Thursday, September 22, 2011

Will the US Veto the Palestinian State?

The Palestinian government is going to submit their application for a full statehood in the UN tomorrow, 23 September, US time. It is a historic proposal. It is hoped that the UN will accept it in an equally historic decision. Already more than half of the UN members have recognized Palestine as a state. In a recently announced opinion polls the majority of the respondents in all the countries surveyed, even in the US, have supported the expected application. If the US will veto the move in the Security Council, she will disregard all those writings on the wall. It will also greatly damage her own national interests.
Mr.Obama's General Assembly speech yesterday, 21 September, naturally gave some portion of it(7 minites out of 40) to this question. But it was all on a trodden path. He said peace should be worked out in the direct talk of Israel and Palestine. But the US have heavily supported Israel, and have been arming her from the head to the foot for many years. When certain elements in Palestine were duly elected by the people, the US and Israel refused to recognize them as the legitimate partner to talk to.
Mr.Obama referred to the recent history of the persecution of the Jewish people and said 'Those are the facts'. Nobody is disputing those facts. It is irrelevant to talk about them here. It is irrelevant also in the sense that the current issue is not the Jewish people versus the Palestinians, but between the present state of Israel versus the Palestinians.
Moreover those are by no means all the facts. The Israelis, no matter how they might have been persecuted, have come to a land already inhabited by the Arabs. Some may say that it is their ancient home. If that claim is to be accepted, the whole of North America, for example, could be claimed by their original inhabitants, their own indigenous peoples.

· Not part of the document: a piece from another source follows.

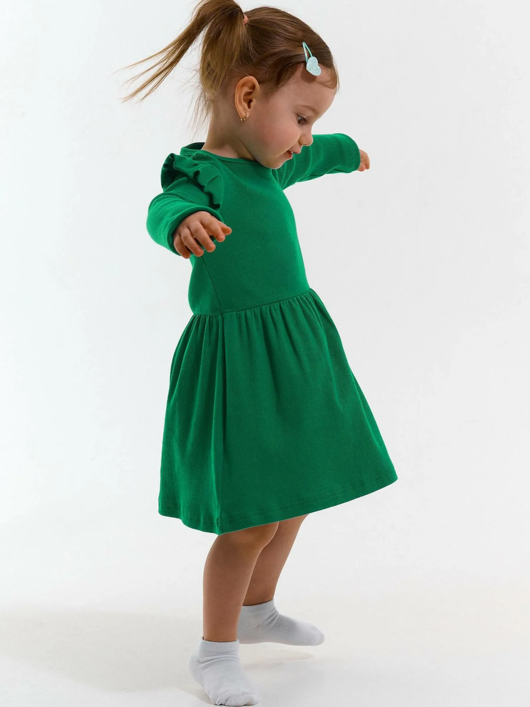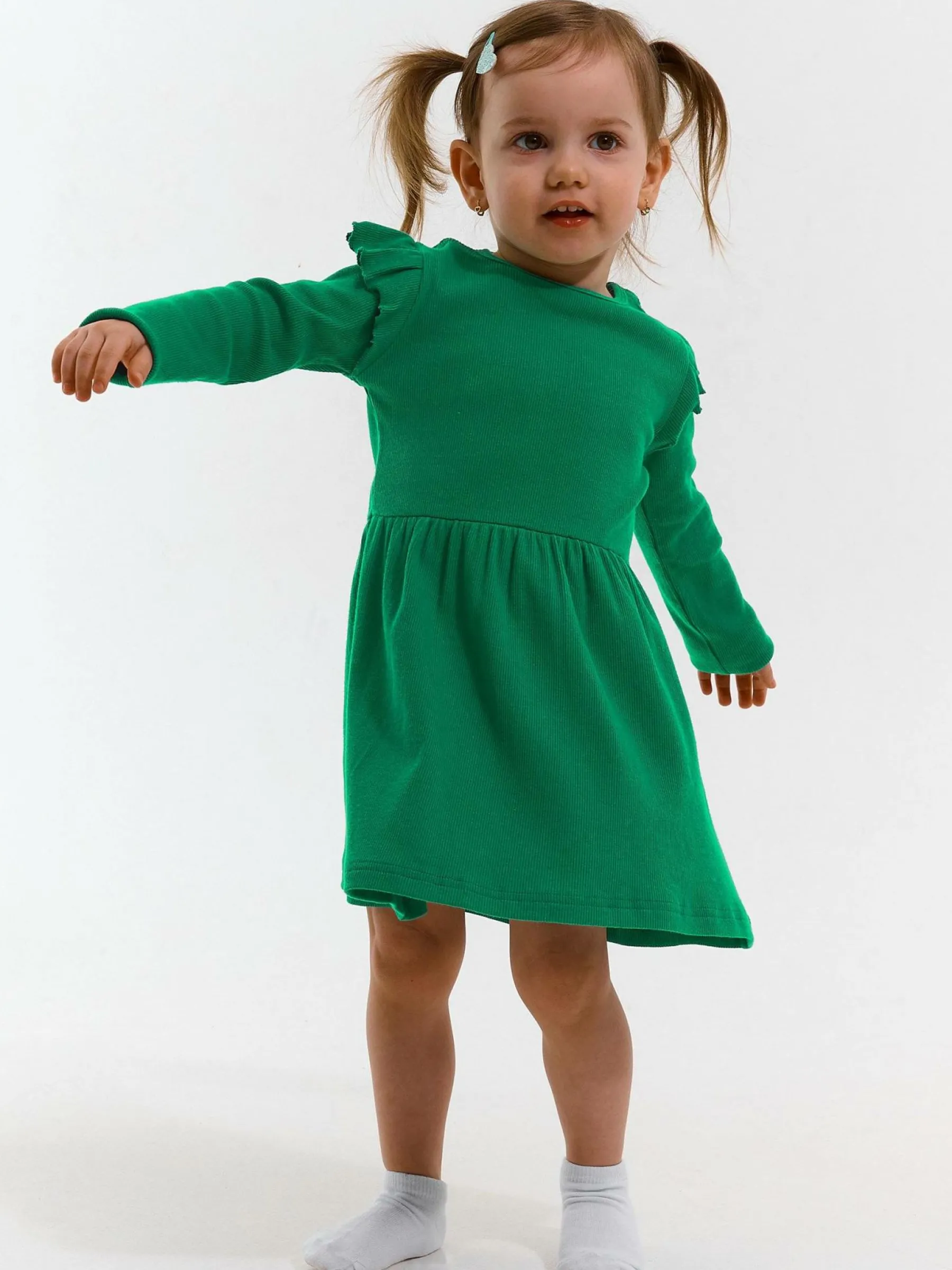 Kolor: zielonyKrój: asy, z falbanąTyp: sukienkaRekaw: długi rękawDługość: miniPattern style: żebrowany, pojedync…

Obama said 'there are no short-cuts'. He is not even offering a one year's time for the negotiations to be over, as he did last year. Few speeches can be so welcome to one side and so unwelcome to the other. It must have been for pure home consumption. If so it will speak a lot of the anti-Muslim feelings in the US.

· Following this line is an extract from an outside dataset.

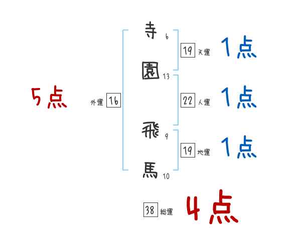 寺園飛馬さんの画数の鑑定結果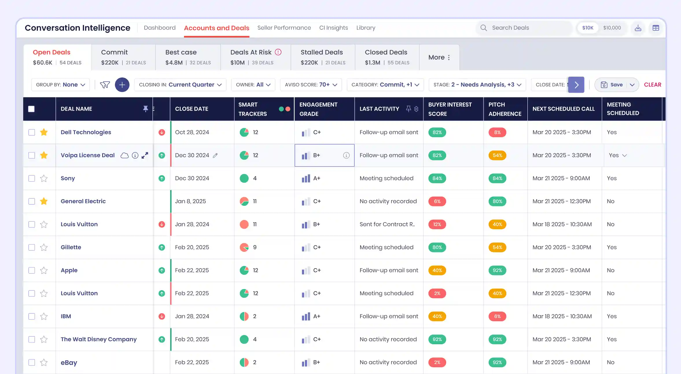 16. Deals Board: WinScore, Engagement Grade, Smart Trackers, MEDDPICC, Buyer Interest Score, and Pitch Adherence on one board

Just before he turned to this issue he was talking of the Arab Spring, and specially of the rights of the Syrian people. It seems that the Arab Spring and the Palestinian issue are totally compartmentalized, and there seems to be very little to learn from one in order to enrich the thinking on the other. So there was nothing new in the speech, which would have been more befitting to an Israeli president. This is not the way to enthuse the world with the hope for change, of which Obama once spoke so often.
Palestinian question is not the only one about which the US may very well change their policy so that the existing tensions can be blown off--Iran, DPRK, Cuba, and so on. It is still within the US' power to do this. The fully-packed audience at the General Assembly may have expected something more conducive to peace, and change, while hoping against hope, and have been disappointed. The 'fact' that there was hardly any applause would testify to this.